Why might I have a boring, boxed-in life?  Because I’m not willing to let Someone outside the limited scope of my box (my intelligence, my experience, my vision) make pathways for me that will go past the horizon of my sightline.  Why might I have boring, boxed-in prayer interactions with Him?  Maybe I’m acting like He doesn’t exist as a separate person with thoughts independent from me.

For the first ­­six months of an infant’s life, they are not aware that their mother is a separate person from themselves.  I may be thirty-five years old in the Lord, but am I still acting like a five-month-old infant when I pray? 

Once we realize how different other people are from ourselves, they're fascinating.  There are certain people I love to listen to (my siblings for example, or my teachers)--incredibly intelligent people, with worlds inside them I don't have.  We each have lived whole lives, in whole realms, outside of any other's experience.  I may not have been a missionary in Kazakstan, but if I listen well, I get to experience…I get to almost live in…the riches of all that has been deposited in my friend while HE was a missionary in Kazakstan.  As soon as I realize how richly different from me each one is, I suddenly become heir to every land and life in the world.  Only close-minded self-preoccupation can keep me locked in the poverty of my own personal and thus limited intelligence, experience, vision, understanding, wisdom… 
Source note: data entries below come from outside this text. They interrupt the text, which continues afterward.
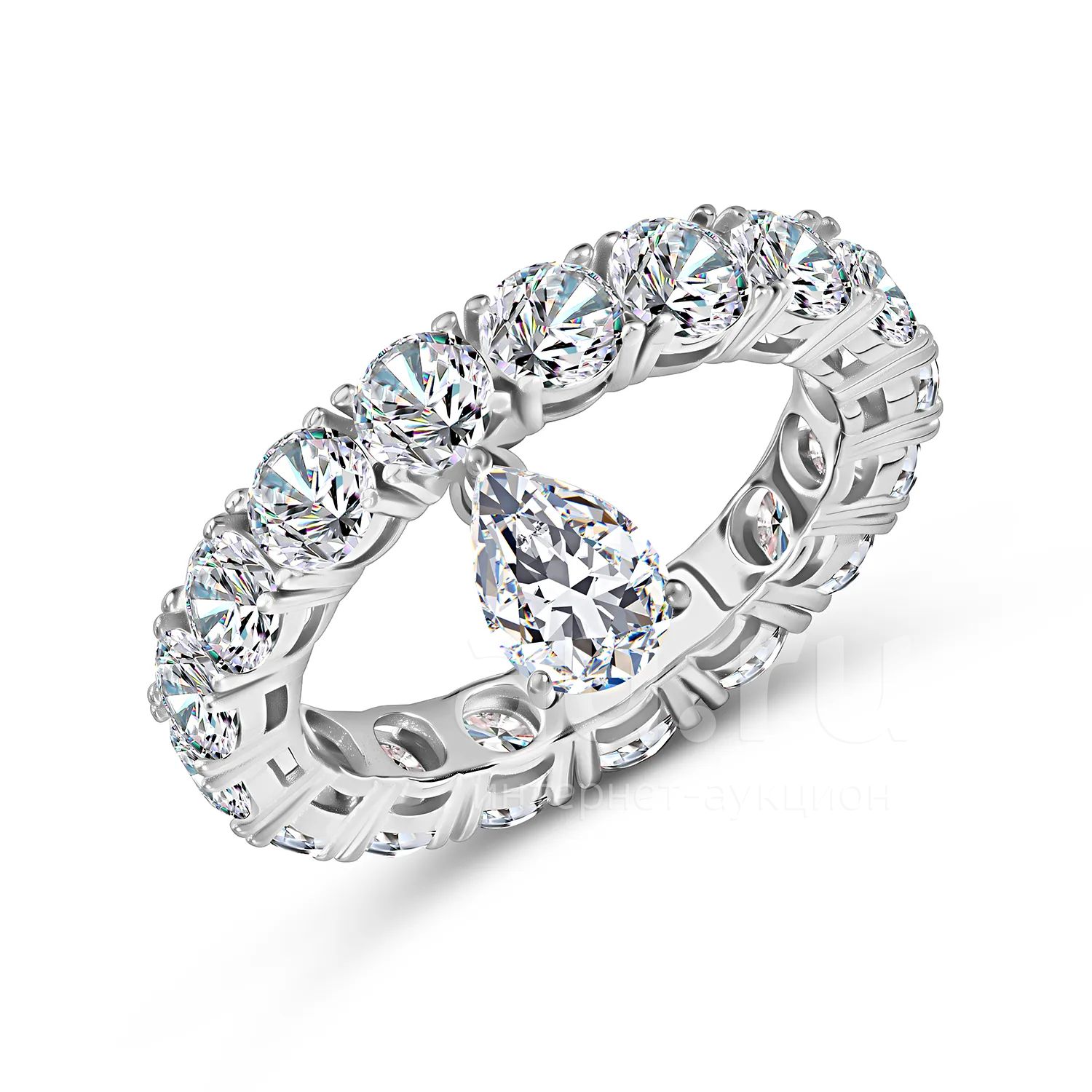 Серебряное кольцо с фианитами и родированием
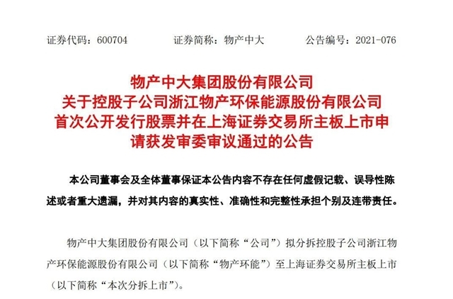 2021年9月30日,物產(chǎn)中大發(fā)布關(guān)于控股子公司浙江物產(chǎn)環(huán)保能源有限公司首次公開發(fā)行股票,并在上海證券交易所主板上市申請(qǐng)獲發(fā)審委審議通過的公告。 公告顯示,物產(chǎn)中大集團(tuán)股份有限公司(以下簡稱“公司”)擬分拆控股子公司浙江物產(chǎn)環(huán)保能源股份有限公司(以下簡稱“物產(chǎn)環(huán)能...
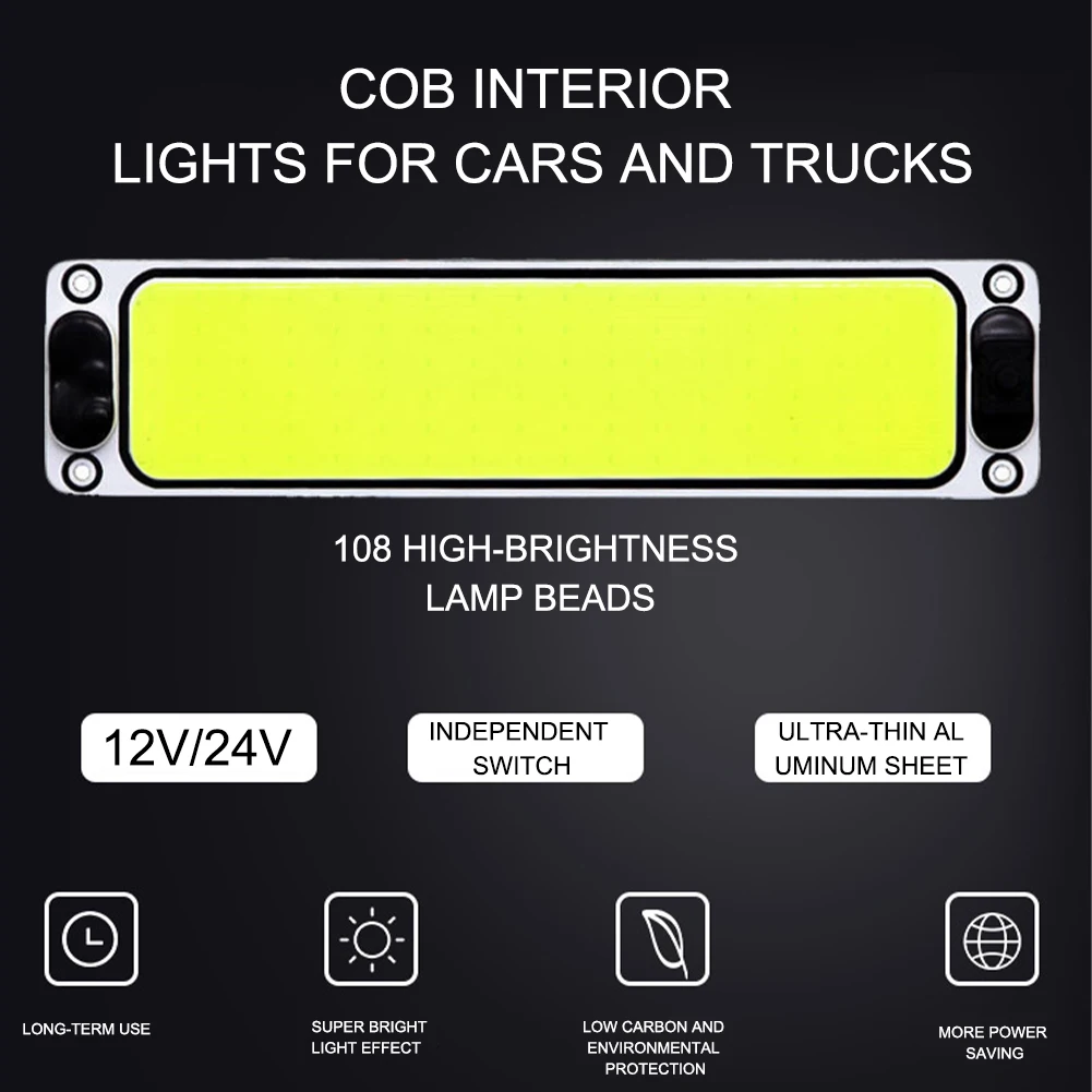 Интерьер автомобиля светильник 108SMD 12V-24V COB Readling светильник светодиодный Панель светильник лампы для фар купольный светильник Водонепроницаемый самоклеящаяся грузовик светодиодные лампы

I also may not be God (actually, I'm most definitely and happily not).  What an invitation I have to enter the world of His thoughts, His sight, His experiences, His wisdom…  Only close-minded self-preoccupation can keep me out of that exhilarating wealth.  


Praying is relating.  Relate to Him, not to yourself.  Ask, talk, and then listen.  Listen, and be ready for a conversation that might surprise you.  He’s difficult to anticipate, our delightfully-different-than-me God!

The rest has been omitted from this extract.